Cette année, l’Espagne ne connaîtra pas de trêve des confiseurs. On le savait depuis que la date des élections législatives avait été fixée au 20 décembre par un Mariano Rajoy pensant peut-être pouvoir compter sur les votes de ceux qui croient encore au Père Noël… Mais ce début de semaine éclaire d’une lumière crue cette nouvelle phase de la vie politique espagnole que d’aucuns assimilent déjà à une nouvelle « transition » démocratique – on rencontre aussi, parfois, les termes de « régénération » ou de « restauration 2.0 », selon que l’on soit optimiste ou pessimiste au sujet de l’issue du processus.

La première nouvelle d’importance qui nous parvient est celle du prolongement de “l’agonie politique d’Artur Mas”, le président sortant de la Generalitat de Catalogne. Un petit parti nationaliste appartenant à la gauche radicale, la Candidature d’Unité Populaire (CUP) – pour laquelle le socialisme ne peut se réaliser que dans une Catalogne indépendante – a décidé de remettre à encore plus tard – au moins au 3 janvier – sa décision finale de soutenir ou pas l’inoxydable président. Le choix est cornélien, pour cette toute petite formation, dont l’aide semble indispensable lors du vote d’investiture du nouvel exécutif régional espéré pour bientôt par le chef du parti de centre droit Convergencia. C’est que soutenir un élu de la bourgeoisie catalane éclaboussé par des affaires de corruption pourrait détourner pour longtemps du chemin vers l’indépendance une bonne partie du peuple !

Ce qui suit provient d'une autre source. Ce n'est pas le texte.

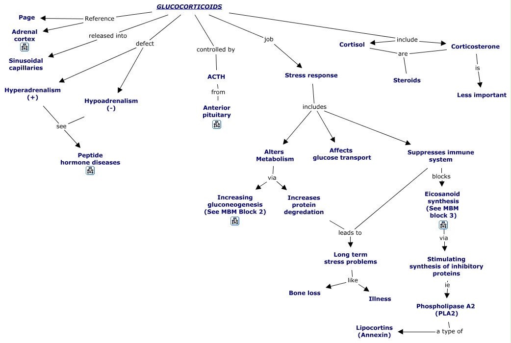 This Concept Map, created with IHMC CmapTools, has information related to: 08. Glucocorticoids, Corticosterone is Less important, GLUCOCORTICOIDS released into Sinusoidal capillaries, Long term stress problems like Illness, GLUCOCORTICOIDS defect Hypoadrenalism (-), Alters Metabolism via Increasing gluconeogenesis (See MBM Block 2), Stress response includes Suppresses immune system, Suppresses immune system blocks Eicosanoid synthesis (See MBM block 3), GLUCOCORTICOIDS defect Hyperadrenalism (+), Stimulating synthesis of inhibitory proteins ie Phospholipase A2 (PLA2), Suppresses immune system leads to Long term stress problems, Alters Metabolism via Increases protein degredation, Hyperadrenalism (+) see Peptide hormone diseases, Phospholipase A2 (PLA2) a type of Lipocortins (Annexin), Increases protein degredation leads to Long term stress problems, GLUCOCORTICOIDS Reference Adrenal cortex, GLUCOCORTICOIDS include Corticosterone, Cortisol are Steroids, Stress response includes Alters Metabolism, Hypoadrenalism (-) see Peptide hormone diseases, GLUCOCORTICOIDS include Cortisol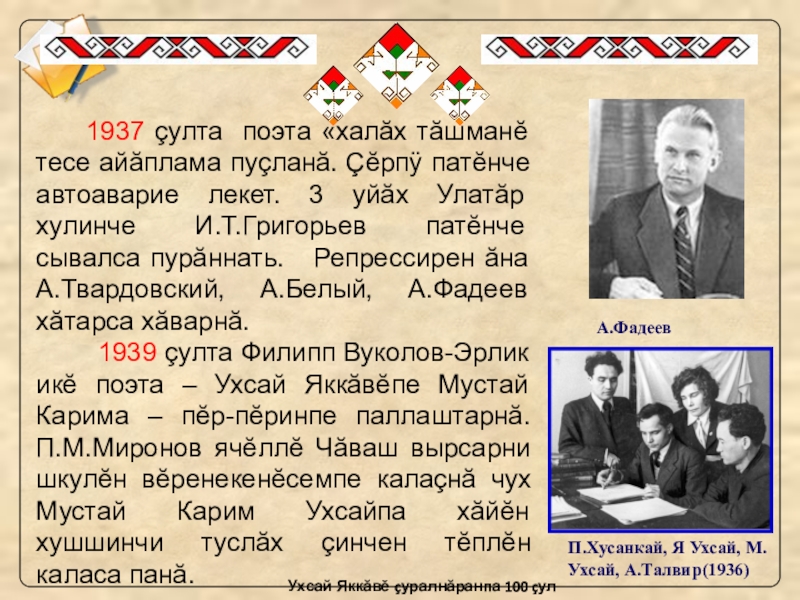 Ухсай Яккăвĕ çуралнăранпа 100 çул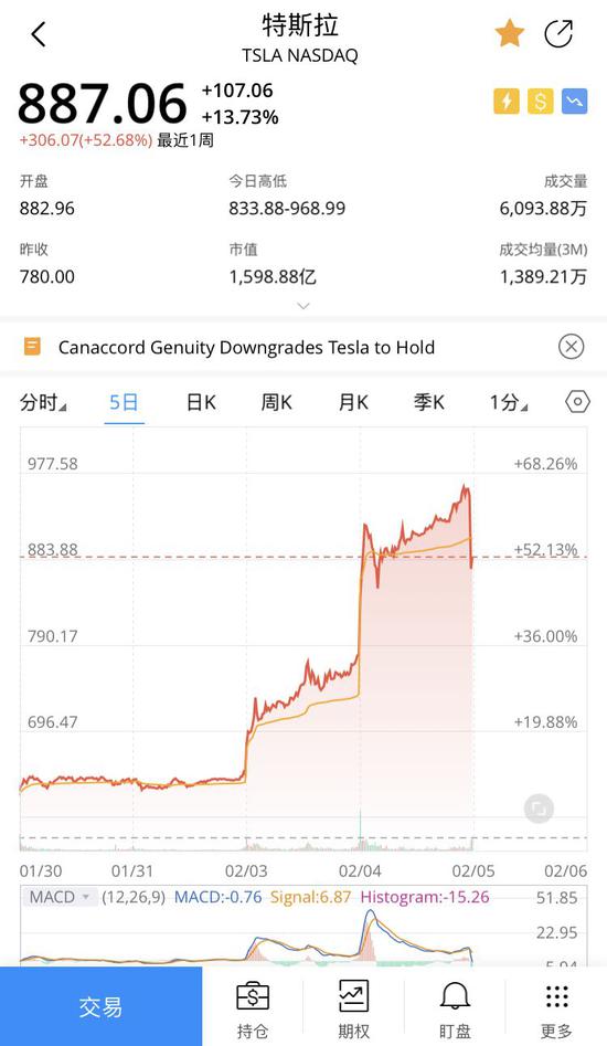 原因其实很简单——股价。美东时间 2 月 4 日,特斯拉收盘于 887.06 美元,对,你没有看错,这就是特斯拉现在的股价。在盘中,它甚至一度攀升到 968.99 美元,逼近 1000 美元大关。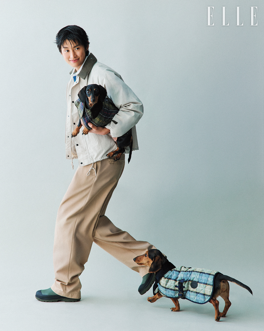 간절기 내내 산뜻하게 걸칠 수 있는 스페이 캐주얼 재킷, 컬러 블록이 더해진 데블린 미드 웰리, 타탄 패턴 워터프루프 도그 코트는 모두 Barbour. 톱과 쇼츠, 벨트, 삭스는 모델 개인 소장품.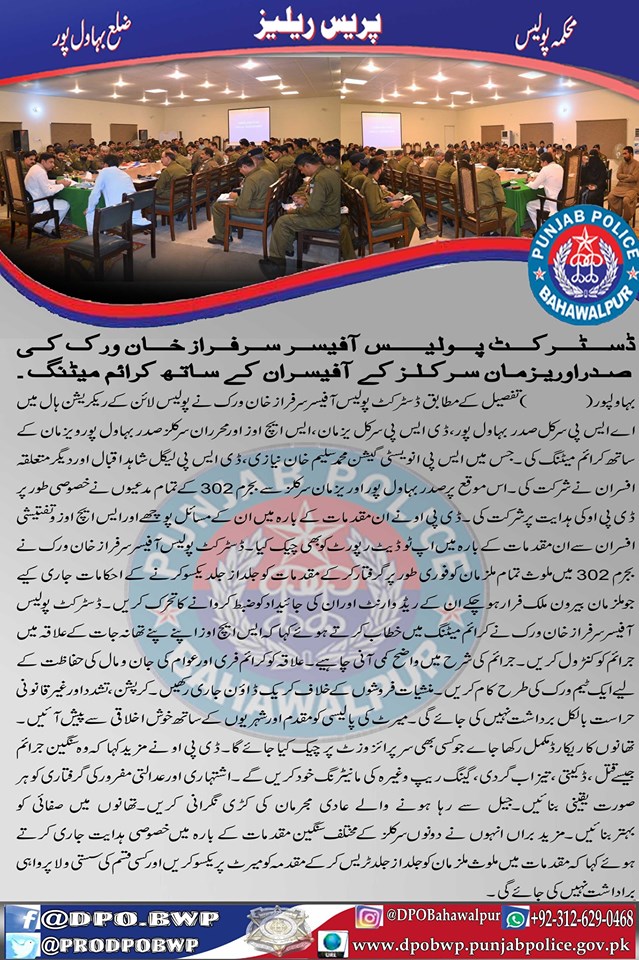 ڈسٹرکٹ پولیس آفیسر سرفراز خان ورک کی ایس پی انوسٹی گیشن سلیم خان نیازی کے ہمراہ صدرسرکل بہاولپوراوریزمان سرکل کےایس ڈی پی اوز ،ایس ایچ اوز اور تفتیشی آفسران کے ساتھ کرائم بریفنگ میٹنگ۔

C’est, du reste, pour cette raison que le roi d’Espagne – le « chef de l’État », comme dirait Pablo Iglesias, bien décidé à régler un jour son sort à une institution restaurée par Franco – a insisté, quand il a présenté ses vœux de Noël, sur l’unité du pays. Philippe VI, s’exprimant depuis la salle du trône de son palais madrilène a réaffirmé sa légitimité historique et dynastique et rappelé ce que l’unité nationale pouvait avoir de bon autour d’un symbole modérateur. Ce lundi 28 décembre, toutefois, le leader de Podemos a cru bon d’affirmer qu’il voyait dans cette défense et illustration de « l’Espagne » plutôt que de « ses gens » une négation de ce qui devrait être, pour lui, au cœur des préoccupations des responsables politiques : les terribles conséquences sociales de la crise que nous vivons. Et de signifier que Podemos est décidé à passer à l’action. Ses nouveaux élus proposeront très rapidement au Congrès des députés un projet de « loi d’urgence sociale », baptisée « loi 25 » (en référence à l’article 25 de la Déclaration universelle des droits de l’homme, qui stipule que « toute personne a droit à un niveau de vie suffisant pour assurer sa santé, son bien-être et ceux de sa famille, notamment pour l’alimentation, l’habillement, le logement, les soins médicaux ainsi que pour les services sociaux nécessaire » – dont nous pourrions aussi, peut-être, nous inspirer !).

Ses ennemis y voient une manœuvre de diversion. Le « líder » de Podemos se trouve peut-être, en effet, un peu trop sous influence du très populaire maire de Barcelone Ada Colau et d’autres nationalistes de la gauche catalane avec qui il a accepté de faire campagne commune contre la promesse de défendre l’idée d’un référendum d’auto-détermination pour la Catalogne. Mais il semble impossible de le faire accepter par le PSOE, car aucun dispositif constitutionnel ne le permet actuellement. Une majorité des Espagnols, du reste, y est opposée. Il n’y a donc, au niveau national, que des coups à prendre avec de telles promesses… Où est donc passé le Pablo Iglesias fédérateur de larges pans des classes moyenne, et, il y a peu, redevenu très légaliste vis-à-vis d’une constitution de 1978 dont il a récemment salué les bienfaits, alors que nombre de ses compagnons n’y ont longtemps vu qu’un « cadenas » ? Pablo Iglesias serait-il devenu l’otage de ses alliés ? À moins que Podemos n’entame une nouvelle mutation ?

L’intégrité territoriale, on le sait aussi en France, est un sujet grave. Au cours de la conférence de presse qui a suivi son entrevue avec Mariano Rajoy, Pablo Iglesias a lâché une petite phrase qui me paraît anticiper un coup de ces billards à trois bandes qui permettent d’identifier les grands politiques. En cas de blocage dans le processus de recherche d’un nouveau Premier ministre, Pablo a affirmé que Podemos pourrait avoir « beaucoup de chances de gagner » de nouvelles élections. La « nouvelle politique » pourrait finalement ressembler plus qu’il ne le faudrait à cette « vieille politique » que les Espagnols cherchent à séparer, depuis un siècle, dans le sillage d’un José Ortega y Gasset.